During the meeting, I had the distinct pleasure of announcing Daryl Atkinson as DOJ’s first-ever Second Chance Fellow. This position was designed to bring in a person with expertise as a leader in the criminal justice field — and as a formerly incarcerated individual. Recognizing that many of those directly impacted by the criminal justice system hold significant insight into reforming the justice system, the Bureau of Justice Assistance — led by Director Denise O’Donnell — released a competitive solicitation that led to Daryl’s selection.
Daryl has a remarkable story. In 1996, Daryl served 40 months in prison after pleading guilty to a first-time non-violent drug crime — and when he was released, he faced a series of collateral consequences. He lost his driver’s license, making it difficult for him to secure employment. He was barred from receiving federal financial student aid, which presented obstacles to furthering his education. And he was unable to vote in his home state of Alabama, restricting his ability to participate in the civic life of his community.
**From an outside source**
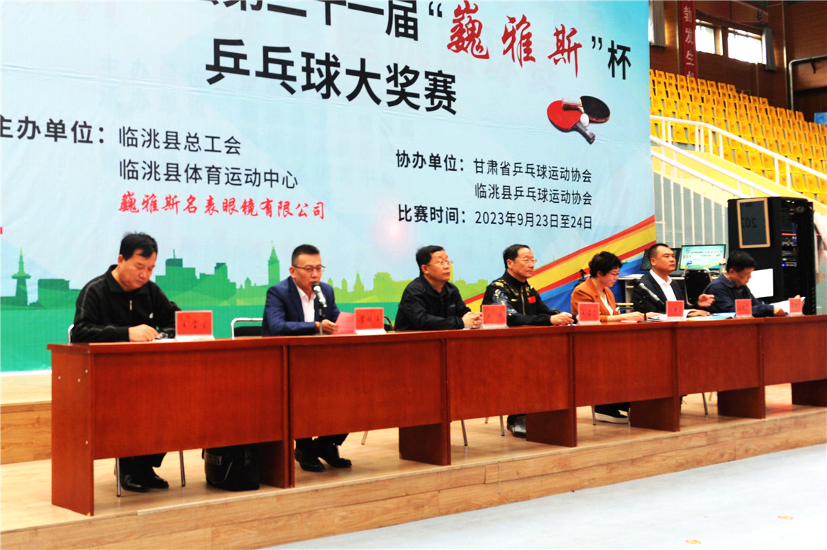 甘肅省教育廳后勤中心主任、甘肅省乒乓球運(yùn)動(dòng)協(xié)會(huì)副會(huì)長張占學(xué)、臨洮縣人大常委會(huì)副主任、臨洮縣總工會(huì)主席劉映菊、巍雅斯名表眼鏡有限公司總裁裴明偉、臨洮縣總工會(huì)常務(wù)副主席田科、臨洮縣體育運(yùn)動(dòng)中心主任晏進(jìn)軍、巍雅斯名表眼鏡有限公司總裁裴明宏、臨洮縣乒乓球協(xié)會(huì)主席劉寶生等來賓參加開幕式。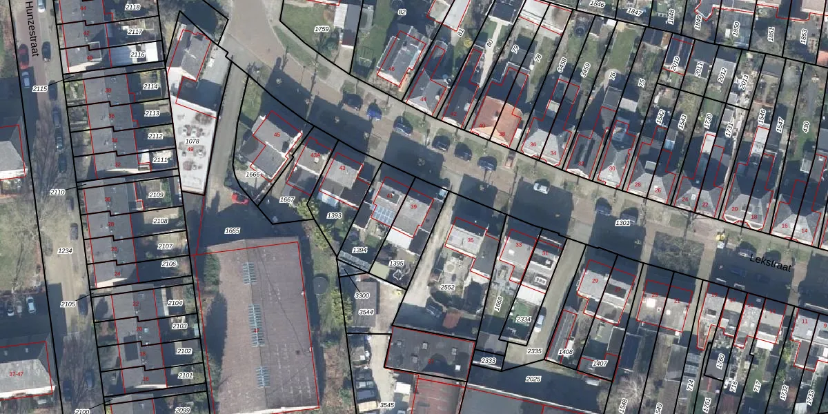 Gebruik de zoekbalk of klik op een perceel voor informatie over de adressen binnen dit perceel.

But through all of these obstacles and challenges, Daryl persevered — earning a bachelor’s degree and then a law degree, and ultimately rising to become a Senior Staff Attorney at the Southern Coalition for Social Justice where he focuses on criminal justice reform issues, particularly removing the legal barriers triggered by contact with the criminal justice system.
Last year, Daryl was recognized by the White House as a “Reentry and Employment Champion of Change.” Then-Attorney General Eric Holder recognized Daryl’s transformative journey in his remarks when he said “Daryl overcame his own involvement with the criminal justice system and has since worked to build a better future not only for himself — but for countless others who deserve a second chance.” And now, Daryl will work with us, as a colleague to the Reentry Council, as an advisor to the BJA Second Chance programs, and as a conduit to engage the broader justice-involved population so that DOJ and the Administration are hearing from all stakeholders as we move forward in strengthening our nation and empowering our communities.
Although the path ahead of us is far from easy, there is momentum — across federal agencies, across political parties, and across the United States — to reform our criminal justice system and give people a legitimate chance to earn their way back and lead law-abiding lives. Working with my colleagues, I look forward to continuing the good work of the Reentry Council and taking concrete steps to achieve the president’s vision for meaningful criminal justice reform.